For processing tagged input, I would use the enumerator package.
import Data.Enumerator import Data.Enumerator.Binary (enumFile)
We use bytestrings
import Data.ByteString as BS
and IO
import Control.Monad.Trans (liftIO) import Control.Monad (mapM_) import System (getArgs)
Your main function might look like this:
main = do (filepath:_) <- getArgs let destination run_ $ enumFile filepath $$ writeFile (filepath ++ ".cpy")
enumFile reads 4096 bytes per piece and passes them to writeFile, which writes it.
enumWrite is defined as:
enumWrite :: FilePath -> Iteratee BS.ByteString IO () enumWrite filepath = do liftIO (BS.writeFile filepath BS.empty) -- ensure the destination is empty continue step where step (Chunks xs) = do liftIO (mapM_ (BS.appendFile filepath) xs) continue step step EOF = yield () EOF
As you can see, the step function takes pieces of bytestrings and adds them to the destination file. These pieces are of type Stream BS.Bytestring, where Stream is defined as:
data Stream a = Chunks [a] | EOF
In step EOF completes, yielding ().
To do a more detailed reading, I personally recommend Michael Snoymans tutorial
Figures
$ time ./TestCopy 5MB ./TestCopy 5MB 2,91s user 0,32s system 96% cpu 3,356 total $ time ./TestCopy2 5MB ./TestCopy2 5MB 0,04s user 0,03s system 93% cpu 0,075 total
It has completely improved. Now, to realize your fold, you probably want to write Enumeratee, which is used to convert the input stream. Fortunately, there is already a display function defined in the enumerator package that can be changed for your needs, i.e. It can be changed to transfer state.

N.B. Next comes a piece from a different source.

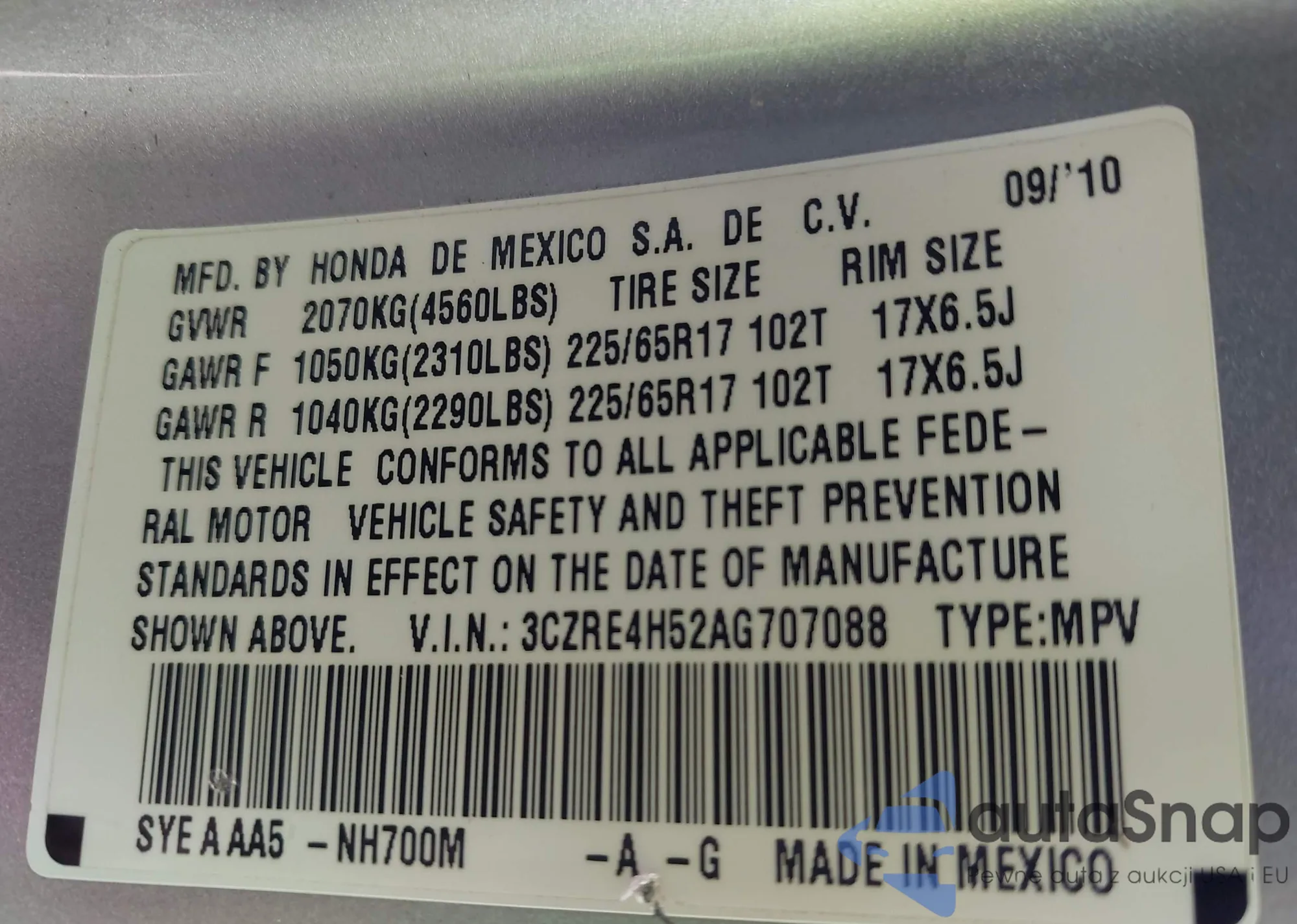 • VIN 3CZRE4H52AG707088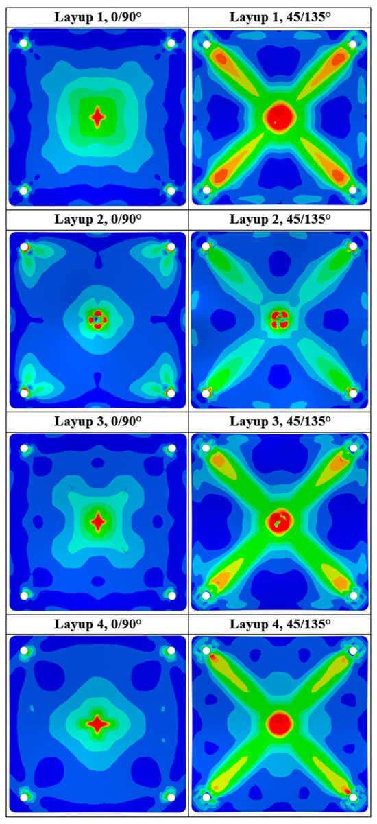Figure 9 shows the modelled stress concentrations for layups from 1 to 4. The fibres in the 0/90° orientation show a more distributed region of stress with concentrations around the mounting holes. This is to be expected due to the hole locations in the panel having to take most of the tensile load in the corner regions. Layup 2, which utilizes only glass fibres, has a more distributed stress when comparing the hole locations to the impactor impact zone. This is due to the high stiffness and low ductility of the fibres. Layups 1, 3, and 4 contain Aramid fibres, which have high in-plane strength. This is evident from the higher stress concentration in the impact zone compared to those of the mounting hole locations.

On the construction of an intermediate result
You build the wordList in reverse order and then change it. I think difference lists work better because appends only accept O (1) time due to the fact that adding is only a function. I'm not sure they take up more space. Here is an approximate sketch of difference lists:
type DList a = [a] -> [a] emptyList :: DList a emptyList = id snoc :: DList a -> a -> DList a snoc dlist a = dlist . (a:) toList :: DList a -> [a] toList dlist = dlist []
This answer is probably no longer needed, but I added it for completeness.